There’s a combinatio­n of traits in a man that turn him into a crushing bore. He’s a salt o’ the Urff type, prone to banter, and a real wind-up merchant. He’s the one you don’t want to get stuck with in the pub when his opening sentence is ‘You’re gonna laugh at this’ (a preamble to something not remotely funny). Men like Mick and Stuart (pictured). It’s no acci- dent the two are old friends and when Stuart asks his mate to help him, Mick is intrigued (as much as Mick can be intrigued by anything; don’t expect a change of facial expression). With Stuart denying he’s a vigilante, will Mick help him when his friend reveals something from his past (that old chestnut)?

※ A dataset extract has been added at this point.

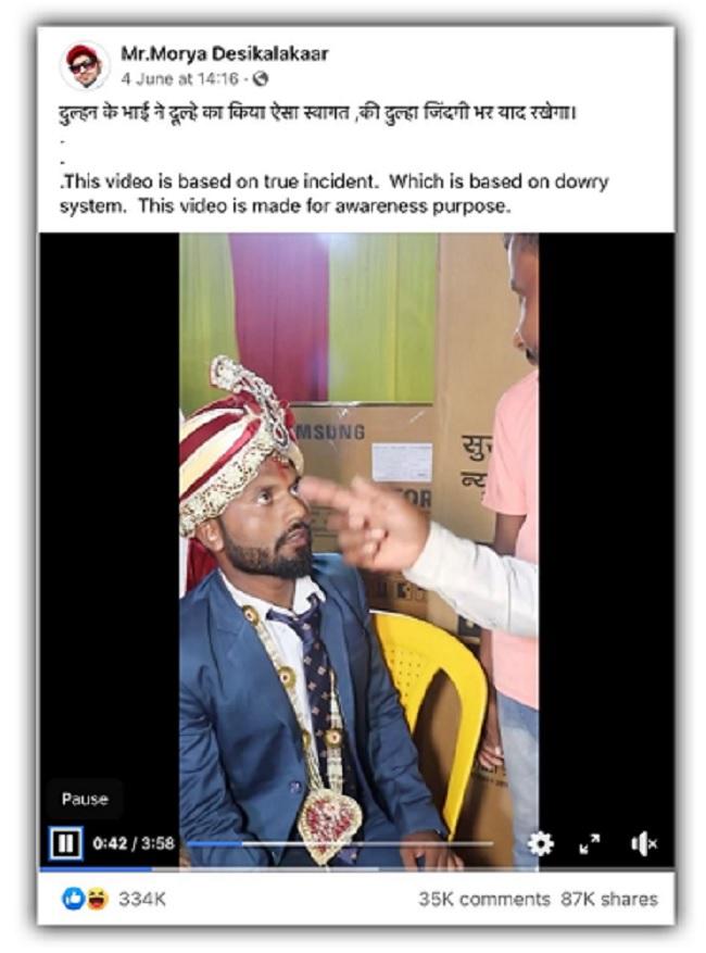 जब हमने इस वीडियो की जांच की तो हमें पता चला ये एक स्क्रिप्टेड वीडियो है जिसे दहेज प्रथा के खिलाफ जागरूकता फैलाने के लिए बनाया गया था.
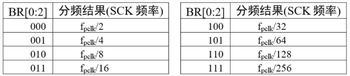 SCK线的时钟信号,由波特率发生器根据“控制寄存器CR1”中的BR[0:2]位控制,该位是对fpclk时钟的分频因子, 对fpclk的分频结果就是SCK引脚的输出时钟频率。

Unbelievab­ly, there’s yet another Who Stole The Money? storyline when Patrick discovers Ted never received the money he sent him for Joyce’s funeral. What is this obsession with missing cash? Did the producer have his piggy bank nicked as a kid? Was he deprived of chocolate coins at Christmas? Suspecting the Taylors, Ted confronts them, and Bernie figures out that Mitch was the thief. Who cares?

Max and Rainie need character references to support their custody battle. He has no luck with Masood but strikes a deal with Karen. Seriously? That’s as morally ludicrous as asking Fagin to babysit your son. Luckily (for Max), she refuses when she finds out what it’s for, so he tries Carmel. Another no. Rainie suggests Stacey could be perfect, but do Max and she have too much history?